One of the more unusual soundtracks from this year’s crop of Oscar contender films comes from a relative newcomer, Dan Romer, who co-composed the score for the movie Beasts of the Southern Wild with another relative newcomer, director Benh Zeitlin.
Set in a ramshackle Louisiana delta community nicknamed “The Bathtub,” the film focuses on 6-year old Hushpuppy (Quvenshané Wallis) and the stormy relationship with her dying father, Wink (Dwight Henry). Hushpuppy, Wink and a rag-tag group of locals refuse to evacuate their town after a devastating storm and the continually rising sea – caused by melting icecaps – makes living there a near impossibility.
The score is a fine combination of traditional orchestral pieces peppered with local flavor from instruments you would expect to hear in a film about life in the Louisiana bayou. It is an emotionally rich score, unexpected from anyone scoring their first major feature film. Although Romer is a seasoned musician, he had only scored three shorts before tackling Beasts of the Southern Wild. His first score for the short Death of the Tinman was also co-composed by Zeitlin. Romer previously mixed Zeitlin’s first writer/director/editor short Egg.

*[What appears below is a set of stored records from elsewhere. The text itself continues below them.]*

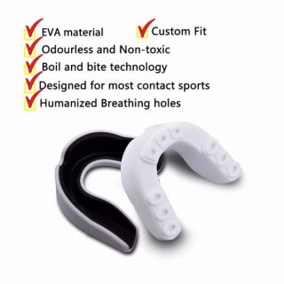 2. Идеальный контур: Она изготовлена из материала EVA, после процедуры "варки" капа повторяет контуры зубов, обеспечивая идеальную посадку и оптимальную защиту зубов, челюсти и щек.
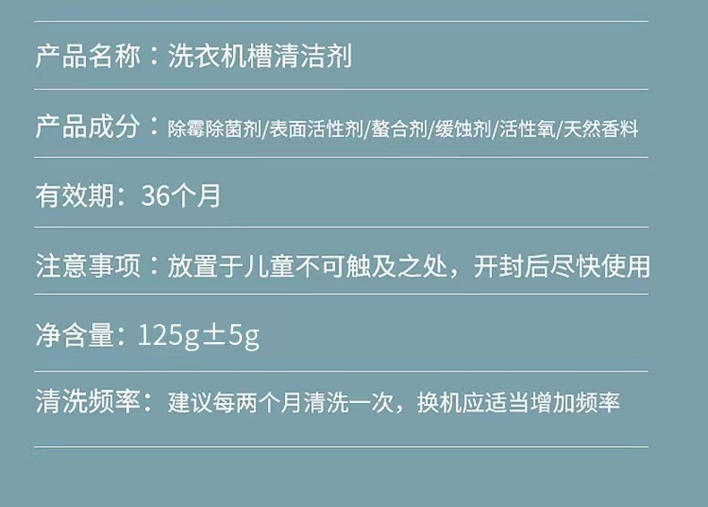 Чистящее средство для бака стиральной машины, 125г, 50г, дезинфекция и удаление запахов
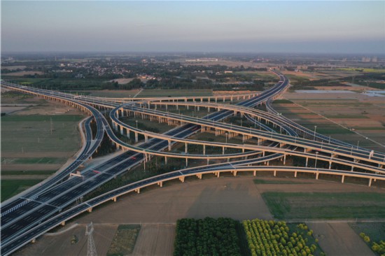 京雄高速河北段與榮烏高速新線交會的泗莊樞紐互通(5月17日攝,無人機照片)。新華社發(樊連貴 攝)
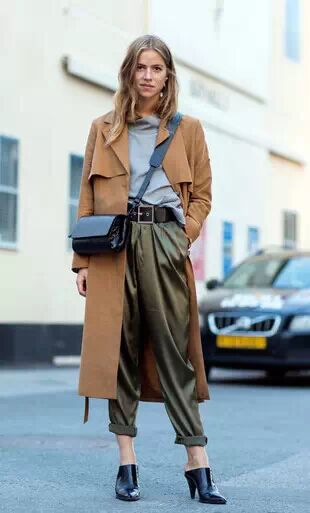 帅气的风衣怎么穿?搭配一条天府绸廓形高腰裤,卷起裤脚拉长下身比例,同时超长风衣弱化整体线条,看上去十分帅气。
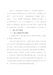 党史学习教育、更名大学等学校中心工作,在工作质量和水平上下功夫,推动宣传思想工作不断强起来,意识形态工作不断严起来,在党史学习教育、抗洪抗疫等工作中取得了一定成绩,现就有关工作总结如下:一、2021年工作总结(一)深入开展党史学习教育1.加强顶
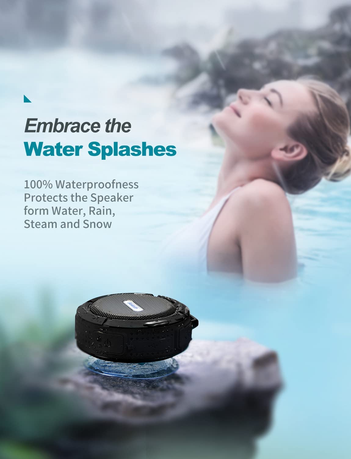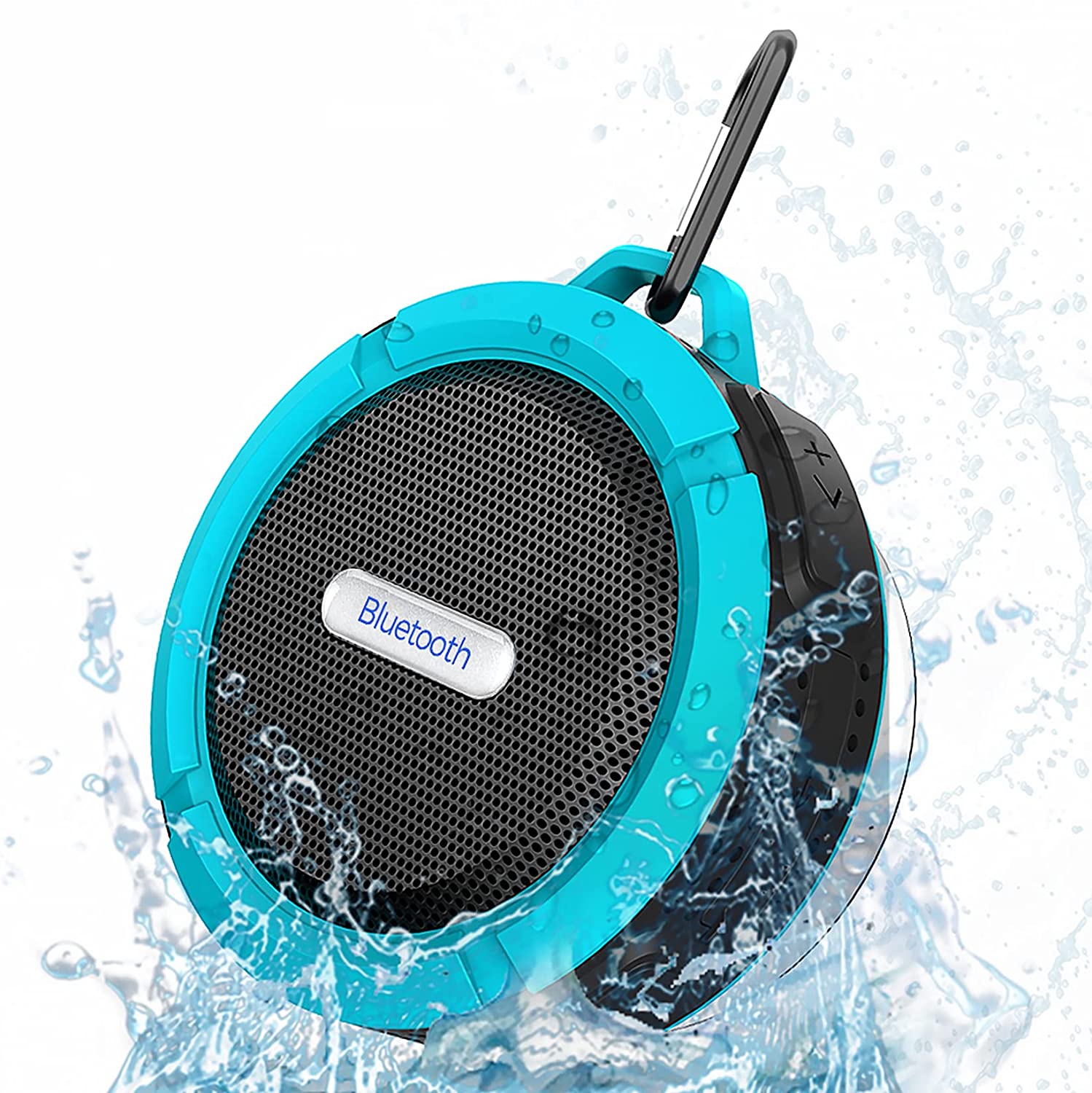 Portable & Lightweight - Equipped with a suction cup and the detachable metal hook, it is easy to attach in shower wall, tiles and mirrors, and you can also use the hook to hang the portable speaker on the backpack when hiking.
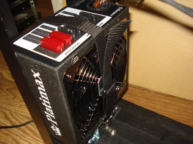 電源ユニットは1面を除いた各面に、ケーブルプラグイン・AC電源とスイッチと排気口・吸気ファンがあって、木材の底面へ固定するには新たに加工が必要になります。
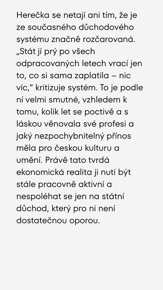 Jana Paulová musí pracovat i ve skoro 70 letech. Na důchod se spolehnout nemůže.
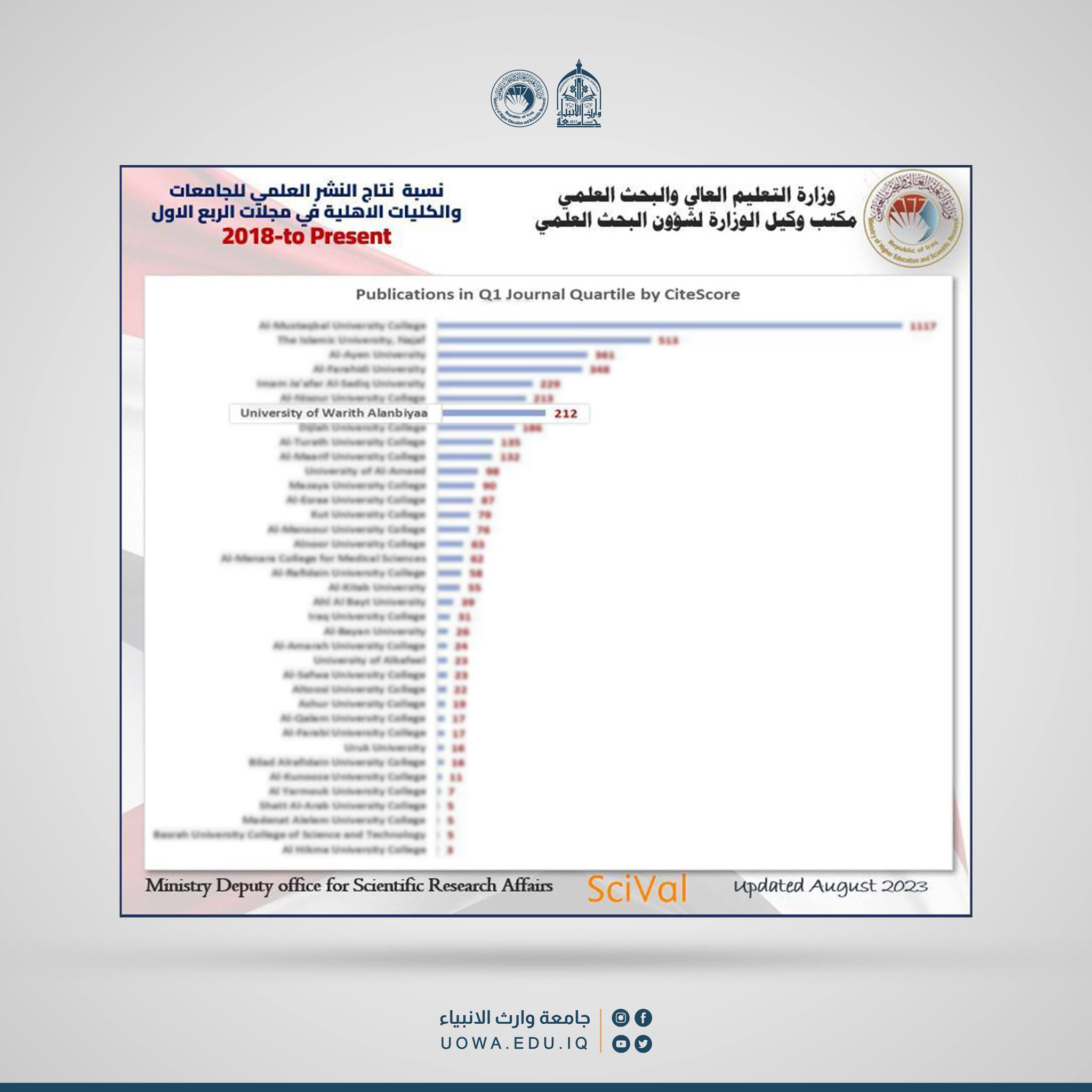 في عالم يشهد تطورًا متسارعًا في مختلف المجالات العلمية ، تمكنت جامعة وارث الانبياء(عليه السلام) وبعمرها القصير من الحصول على مرتبة متقدمة في "تصنيف الجامعات والكليات الاهلية بنسبة النشر العلمي ضمن مجلات الربع الاول(Q1)"

Originally co-composers Romer and Zeitlin envisioned the score as mostly local sounding Cajun dance music, but as the film progressed, their idea changed. “As we started to work on it together, it seemed like it was working better using orchestral material,” Romer explained. “Although the first thing we scored was the introduction of ‘The Bathtub,’ and we used a traditional Cajun band for it, that band never came back. We scored the entire thing with temp strings, horns, piano and celesta.” After they finished the entire score, they went back and added folk instruments like accordion, guitar, banjo and different percussion instruments, to get the local flavor.
One musical piece – used when Hushpuppy is told that everyone dies and she insists, “Not my Daddy” – was so emotional, they had to keep taking breaks while recording it.
The most difficult scene to score was one where some of the locals, including Wink, blow up the levee to help drain the floodwaters. It was also the turning point for them in terms of understanding the score and its relationship to story. “It was difficult for us, because we had not figured out that the score had to be from Hushpuppy’s perspective,” shares Romer. “We were scoring it like an action sequence, and that seemed appropriate, but Hushpuppy did not understand what was truly going on, so from her point of view, it was not an action scene. Once we figured that out, the scene made sense.”
That revelation influenced the whole picture, which originally was about all of the diverse characters that lived in “The Bathtub.” When they decided to focus on Hushpuppy, the picture jelled. Since most of the footage had been shot from four feet off of the ground, they had already instinctively known that it would be from her perspective, both literally and figuratively. The music led them back to the story.